- Developer: Sensible Software
- Publisher: Virgin Interactive Entertainment
- Designer: Jon Hare
- Programmer: Jools Jameson
- Artist: Stoo Cambridge
- Composer: Allister Brimble (MS-DOS)
- Platforms: Amiga, MS-DOS
- Release: 1995: Amiga 1996: MS-DOS
- Genre: Sports
- Modes: Single-player, multiplayer

= Sensible Golf =

1995 video game

Sensible Golf is a 2D golf game released by Sensible Software in 1995 for the Amiga. It uses the same pin-like characters as Sensible Soccer and Cannon Fodder. The theme tune was written by the lead game designer, Jon Hare, and a promotional video was directed by Carl Smyth from the group Madness and filmed in Regent's Park, London. The game received lackluster reviews and sold poorly.

A Mega Drive version was planned but never released.

==Reception==
Sensible Golf was awarded the company's lowest ever score by Amiga Power of 66% and marked a sharp decline in the fortune of Sensible Software. It was to be their last commercial Amiga release, with only Sensible Train Spotting to follow.

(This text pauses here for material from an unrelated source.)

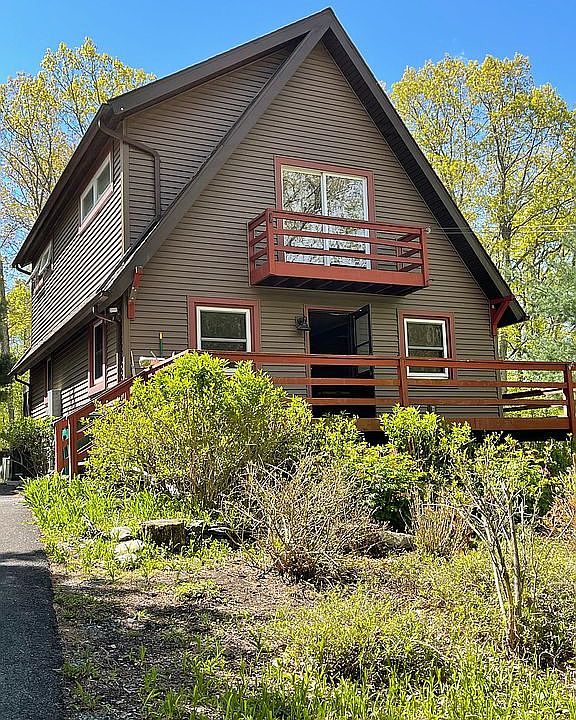 ESTATE SALE! Situated on a beautiful 1.28 acre parcel this 3 BR, 2 Bath Contemporary Chalet has lots of charm and is ADORABLE! Relax in the sunroom and watch the snow fall or the sun come up. Your plants will love it! Large wraparound deck. Balcony off Primary Bedroom on the 2nd floor is a perfect way to start your day. Plus it also has a stone fireplace! Romantic and cozy! Seller was an avid Gardner and the property is fenced to keep Bambi and his friends out. Paved driveway leads to a 2 car detached garage.

In an interview carried out almost twenty years after its release, Jon Hare said of the game: "Sensible Golf is a disappointment to me; I'm not happy with it ... We were greedy. We diluted our quality. To be honest, I was focusing on Sex 'n' Drugs 'n' Rock 'n' Roll at that time, and it was such a massive game. Between that and Sensible World of Soccer, I didn't have time for Sensible Golf, and it just slid".